Despite operating in few, if any, major US markets, Cable One is continuing to turn itself into one of the nation's biggest cable and broadband providers by scooping up smaller operators throughout the nation.
In the latest case, Cable One swung a deal to buy Fidelity Communications, a family-owned Tier 2 cableco, for $525.9 million last week. The purchase represents the latest in a recent spree of acquisitions by Phoenix-based Cable One, which just shelled out $735 million for NewWave Communications in 2017.
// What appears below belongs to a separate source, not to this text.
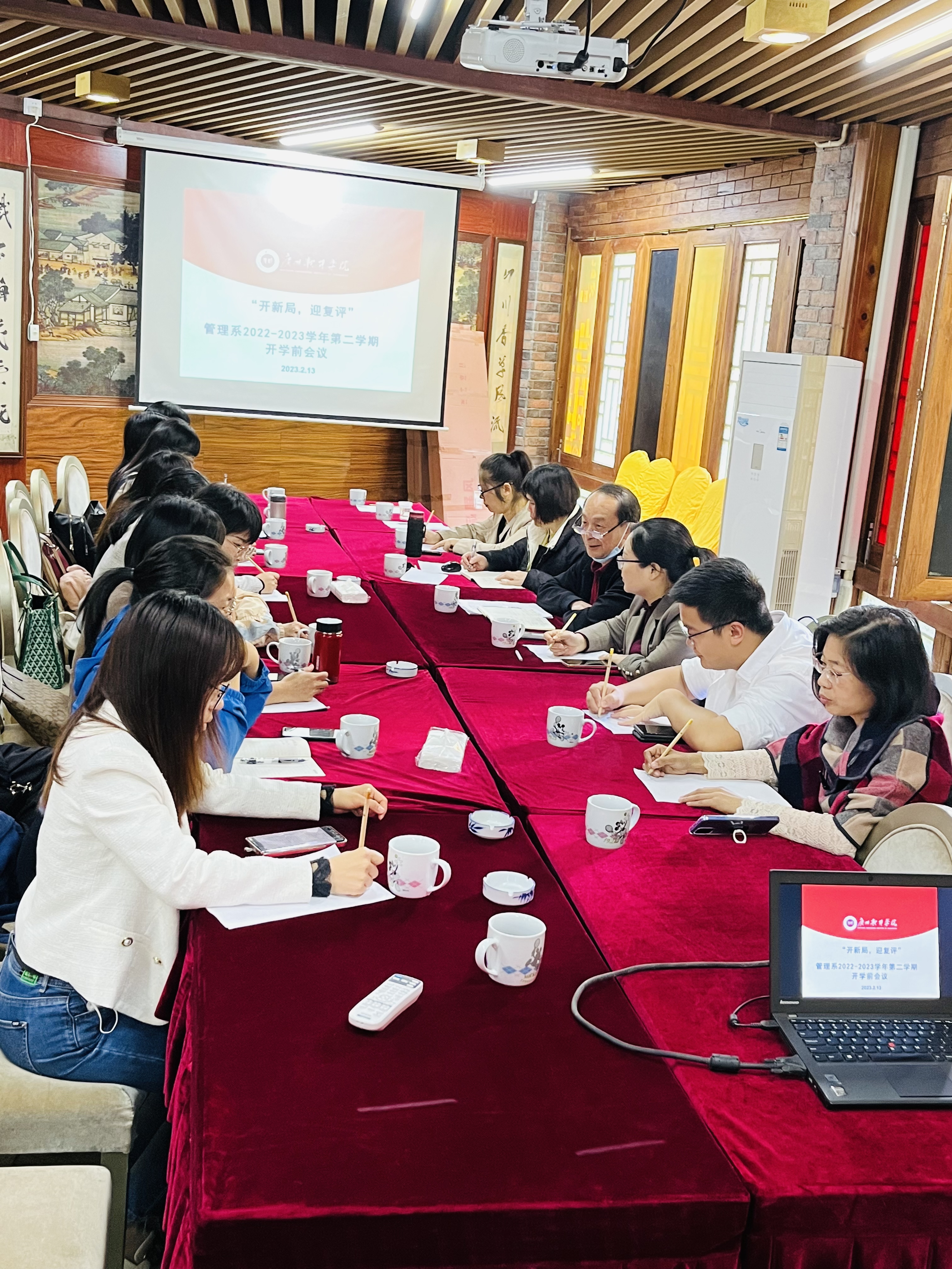 本网讯 管理系于2月13日召开2022—2023学年第二学期“开新局、迎复评”专业专业发展研讨会。系主任张良卫教授、副主任卢优兰副教授、党总支张卫香书记、各专业负责人和教研室主任以及教务员出席了会议。

With Fidelity in hand, Cable One will solidify its position as the nation's seventh-biggest cable operator with more than 700,000 residential subscribers, most of them broadband-only. It will also pick up a good deal of ground up on both No. 6 MSO WideOpenWest and No. 5 Mediacom Communications, both of which have mainly been growing organically within their existing footprints.
And Cable One is probably not through with its acquisition binge. Speaking on the company's Q4 earnings call in February, Cable One SVP and CFO Steven Cochran indicated that the MSO would keep hunting for more cablecos to buy. "We'll look for opportunities for strategic fits," Cochran said at the time.
As a privately held company, Fidelity does not reveal much about its financial or operating performance. But the cable operator -- which serves about 114,000 residential customers in parts of Arkansas, Illinois, Louisiana, Missouri, Oklahoma and Texas -- has indicated that it's following the industry trend of focusing much more on broadband connectivity and shifting away from traditional pay-TV service.
Over the last few months, for instance, Fidelity has been furiously launching 1 Gig service in at least a dozen communities as it upgrades its HFC networks for faster broadband speeds. In addition, Fidelity has developed and deployed a next-gen, app-based video service strategy in tandem with MobiTV, which enables it to offer support for several TV-connected retail platforms, including Amazon Fire TV devices, several media players running Android TV (Xiaomi's Mi Box and the Nvidia Shield among them), Apple TV boxes and Roku players.
As a result, Fidelity ought to be a good fit for Cable One, which is now rebranding itself as "Sparklight" as it continues to de-emphasize pay-TV in favor of much higher-margin broadband services. Cable One ended 2018 with about 600,000 residential data subscribers, but only about 310,000 residential video customers as its pay-TV base shrinks. Disdaining legacy pay-TV services, the MSO no longer invests in its unprofitable video platform, opting instead to leverage with a platform that uses TiVo software.
"Cable One is a post-video cable business," Craig Moffett, an analyst with MoffettNathanson, said in a research note issued earlier this year. He noted that the company's margins have remained quite high (broadband ARPU in Q4 2018 was up 9.4%, to $69.90) despite its heavy video sub losses and slower revenue growth.
With its network passing some 20,000 businesses, Sullivan, Mo.-based Fidelity should also boost Cable One's business services drive. Cable One also touts Fidelity's upgraded cable systems, which consist of more than 5,100 network plan miles and more than 1,600 fiber route miles.